After a short business meeting at 10 a.m., Kathryn Stripling Byer, immediate past poet laureate of North Carolina will entertain and educate the audience, combining a reading of her own work with a craft talk and reflections on Sam Ragan, the state’s poet laureate from 1982 to 1996. Ragan was the owner, publisher and editor of The Pilot from 1968 until his death in 1996.
Byer has published five books of poetry: “The Girl in the Midst of the Harvest,” “Wildwood Flower,” “Black Shawl,” winner Brockman-Campbell Award, “Catching Light” and “Coming to Rest.”
Her essays have appeared in numerous newspapers and anthologies.
The 2007 recipient of the Hanes Award for Poetry from the Fellowship of Southern Writers, she lives in Cullowhee, surrounded by the Blue Ridge Mountains.
Her blog, “Here, Where I Am” (http://kathrynstriplingbyer.blogspot.com), was chosen as one of the 30 best poetry blogs in 2009.

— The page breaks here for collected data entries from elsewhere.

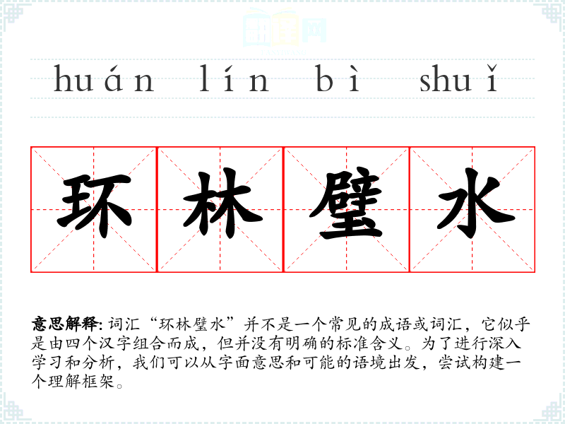 由于“环林璧水”不是一个标准词汇,它在不同语境下的使用可能非常有限。在文学作品中,它可能被用来形容一个环境优美、自然景观宜人的地方。
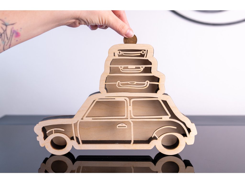 Představujeme vám kasičku Auto s kufry – perfektního partnera pro ty, kteří sní velké a chtějí šetřit na velké cíle. Tato kasička nabízí díky své nástavbě prostor pro mnohem větší úspory, ideální pro plánování dovolené, nového auta nebo jakéhokoli vašeho srdcového přání. Její unikátní design nejenže motivuje k pravidelnému šetření, ale také slouží jako neustálá vizuální připomínka vašich cílů. K dispozici s možností personalizace, kasička Auto s kufry se stane nejen praktickým, ale i stylovým doplňkem vašeho domova.
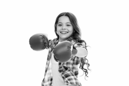 Kid strong and independent girl. Feel strong and independent. Girls power concept. Upbringing confidence and strong character. Female rights and liberties. Girl boxing gloves ready to fight
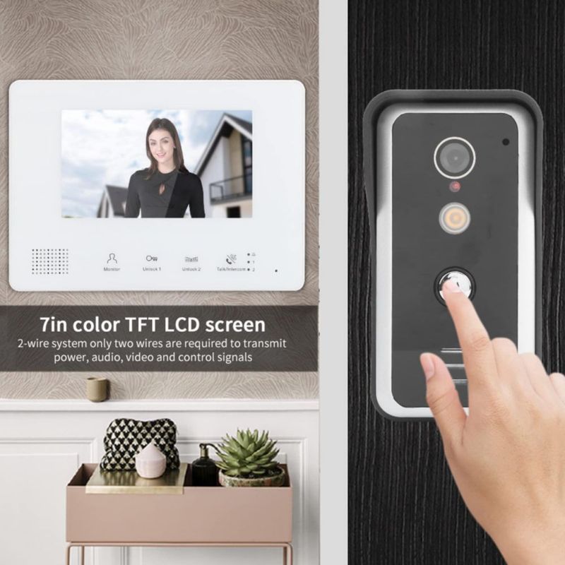 ElectrónicaAccesorios para electrónicaCasa InteligenteTimbres para Puertas, Videoportero con Visión Nocturna, de 2 Cables, Cámara de 4 Monitores de 7 Pulgadas, de Intercomunicación c

What happens when two arts and artists are brought together?
After lunch, Larry Sorkin and Tanja Bechtler will introduce audience members to the synergy of a poet and cellist.

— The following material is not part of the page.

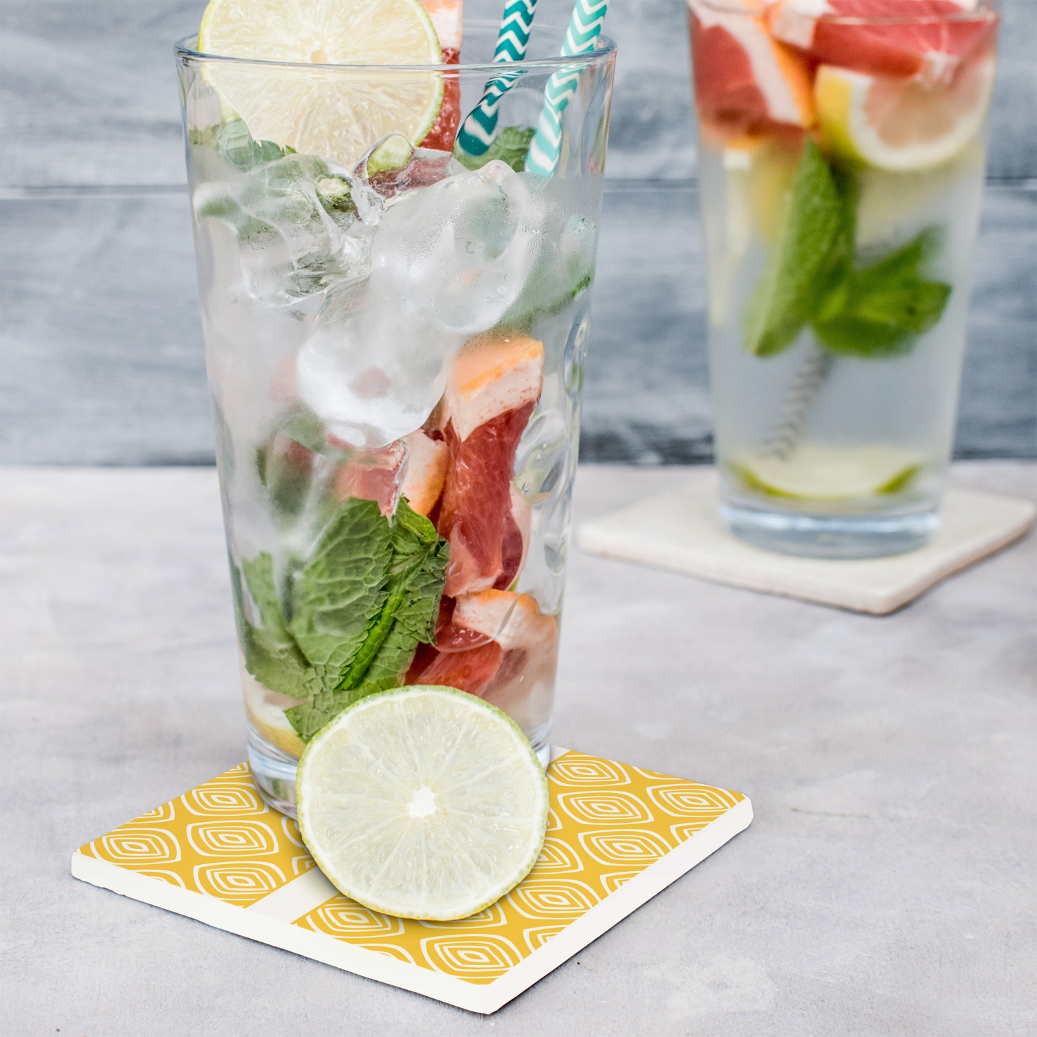 Our super absorbent stone coasters absorb the condensation into the coaster, before it has a chance to flow on to your furniture or table tops, thus preventing watermarks and blemishes.

For this program, Sorkin and Bechtler will meet in the spirit of play with a program ranging from the works of Sam Ragan and Bach to original and improvised pieces for the occasion.

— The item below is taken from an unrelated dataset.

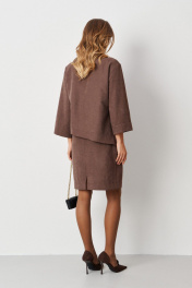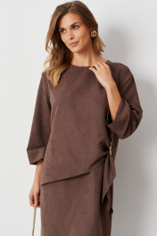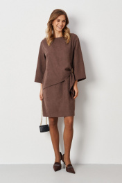 Элегантное женское платье из смесовой ткани с эффектом замши, которое сочетает в себе стиль и комфорт. Модель выполнена с имитацией блузки, что придает ей уникальный и современный вид. В боковом шве предусмотрен разрез, который добавляет нотку игривости, а декоративная металлическая деталь в боковой части подчеркивает изысканность дизайна. Нижняя часть платья оформлена средним швом и небольшим разрезом, что обеспечивает свободу движений. Расширенная горловина придает образу легкость и женственность. Длинные втачные рукава длиной 3/4 создают стильный силуэт, а длина платья чуть выше колена добавляет кокетливости. Платье представлено в красивом цвете мокко, который отлично вписывается в любой гардероб и подходит для различных случаев, от повседневных до более нарядных мероприятий. Это платье станет отличным выбором для тех, кто ценит комфорт и стиль в одном изделии. 44 Платье: Длина изделия - 93см, Длина рукава - 46см, Ширина по бедрам - 52см, Ширина по груди - 52см, Ширина по талии - 46см, Ширина рукава вверху - 19,5см, Ширина рукава внизу - 19,5см; 46 Платье: Длина изделия - 93см, Длина рукава - 46см, Ширина по бедрам - 54см, Ширина по груди - 54см, Ширина по талии - 48см, Ширина рукава вверху - 20,5см, Ширина рукава внизу - 20см; 48 Платье: Длина изделия - 93,5см, Длина рукава - 46см, Ширина по бедрам - 56см, Ширина по груди - 56см, Ширина по талии - 50см, Ширина рукава вверху - 21,5см, Ширина рукава внизу - 20,5см; 50 Платье: Длина изделия - 94см, Длина рукава - 46см, Ширина по бедрам - 58см, Ширина по груди - 58см, Ширина по талии - 52см, Ширина рукава вверху - 22см, Ширина рукава внизу - 21см; 54 Платье: Длина изделия - 95см, Длина рукава - 46см, Ширина по бедрам - 62см, Ширина по груди - 62см, Ширина по талии - 56см, Ширина рукава вверху - 23,5см, Ширина рукава внизу - 22см;

Sorkin is a part-time businessman, sometime poet, and occasional performer. Bechtler was a longtime cellist with the Charlotte Symphony, who now chooses to find new form and avenues for her talents. Her latest adventure is the creation of the Bechtler Ensemble performing in the new Bechtler Museum of Modern Art in Charlotte as well as other community venues.
Before lunch and at the end of the day, there will be an open mic and recitation.
“Whether you’re reciting from memory or reading your own work, please adhere to our one-poem-or-one-page-whichever-is-shorter rule and keep any introductory comments to a bare minimum so we’ll be able to hear from as many of our talented members and guests as possible,” says a spokesman.